You never know they might suprise you yet.
Bev


----------



## Zebedee (Oct 3, 2007)

Not sure why you posted in Germany Touring (??) but a delay of 8 weeks is not exceptional. :? 

Our dealer is always very careful to stress that a projected delivery date can only ever be approximate for a new build since there are so many things that can go wrong and hold things up.

I would be surprised if your dealer quoted you a firm date, but if he did I would want to ask him why he didn't warn of the probability (not possibility :roll: ) of a delay.

Dave  


(P.S. Will move to Chit Chat for you.)


----------



## rayc (Jun 3, 2008)

tony_debs said:


> gutted,ordered our bessicar 5 months ago from marquise,for estimated march delivery,just phoned them and told not to expect delivery untill 3rd week in april (8 weeks later than estimated)any body else experiencing the same probs,or just my luck :x


There's a lot to be said for buying a stock MH or caravan.

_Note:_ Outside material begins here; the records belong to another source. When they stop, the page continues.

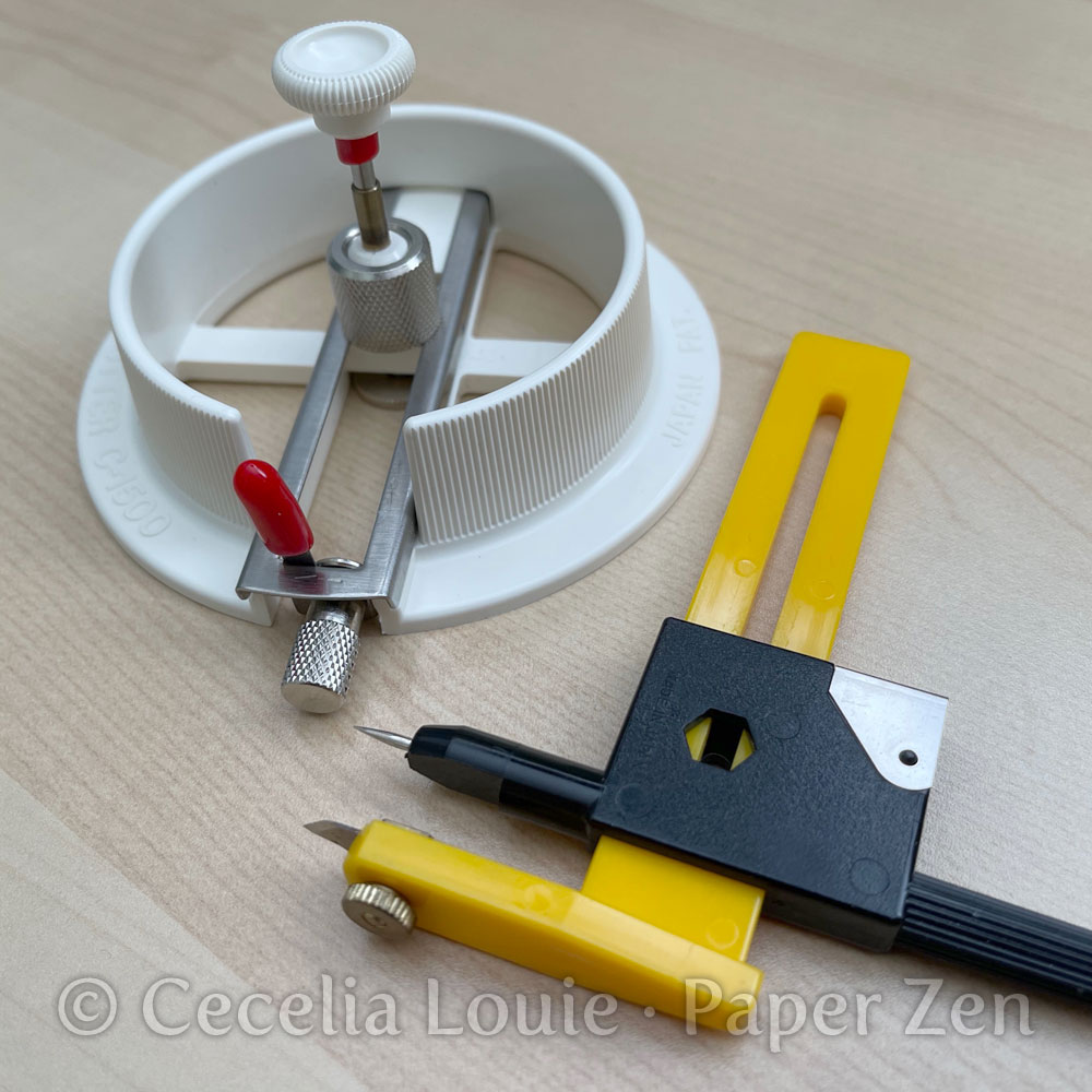 Circle cutters such as NT Cutter or Olfa will cut a clean circle out of your card stock. To raise the template off your work surface, simply add mat board strips underneath.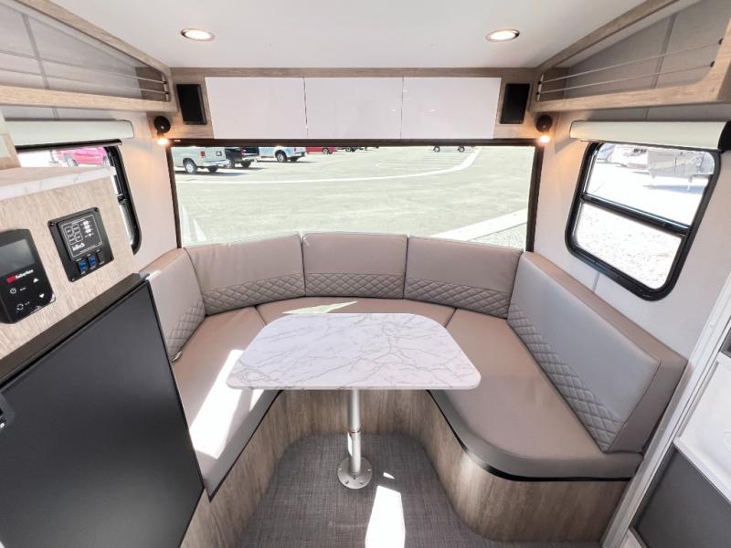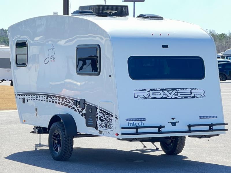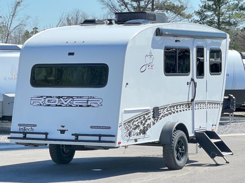 With any Sol travel trailer by inTech RV you will find strong, durable construction consisting of lightweight aluminum that is easier to tow and resists rust, water, and dents. The Tilt-Forward Design creates more space inside so you can stretch out, and the panoramic windshield gives a great view of the mountains, ocean, or forest! The elegant interior features tinted windows with shades, Infinity woven flooring, and a stainless steel cooktop and microwave. You will stay comfortable year around since these models include a 15K BTU A/C and a 16K BTU furnace. The optional Rover Package can also be added that features rugged decals, off-road tires with a 3" lift, two different color choices to choose from, plus more!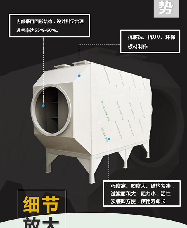 活性炭是一種很細小的炭粒,有很大的表面積,而且炭粒中還有更細小的孔——毛細管.這種毛細管具有很強的吸附能力,由于炭粒的表面積很大,所以能與氣體(雜質)充分接觸,當這些氣體(雜質)碰到毛細管就被吸附,起凈化作用。活性炭吸附的實質是利用活性炭吸附的特性把低濃度大風量廢氣中的有機溶劑吸附到活性炭中 。活性炭吸附法主要用于低濃度氣態污染物的脫除。

You buy the one you see.


----------



## DTPCHEMICALS (Jul 24, 2006)

Its the recession you see. Manufacturers took the advantage of reducing work force after show orders were on the books.
The customer will wait attitude, we have some of his money.
And its a British built van too.
If we cannot satisfy our home market how would we cope with export.

God help us.

Dave p


----------



## Zebedee (Oct 3, 2007)

DTPCHEMICALS said:


> Its the recession you see. Manufacturers took the advantage of reducing work force after show orders were on the books.
> The customer will wait attitude, we have some of his money.
> And its a British built van too.
> If we cannot satisfy our home market how would we cope with export.
> ...


Not entirely their fault Dave. :?

I don't know what the situation is like now, but around the middle of last year I know Autosleepers were very frustrated because they couldn't get the base vehicles. (Can't speak for any others.)

It seems the Sevel factory shut down production too much and too suddenly - then couldn't catch up with the orders. :roll: :roll:

Dave


----------



## Mike48 (May 1, 2005)

Same here. Bought van (Swift)from Marquis in October at the NEC for March delivery and now its May. Informally I have been told that I shall be lucky to receive it by the end of June meaning that I'm probably going to be stuck with a higher VAT bill if, as seems likely, VAT is raised after the next Election. 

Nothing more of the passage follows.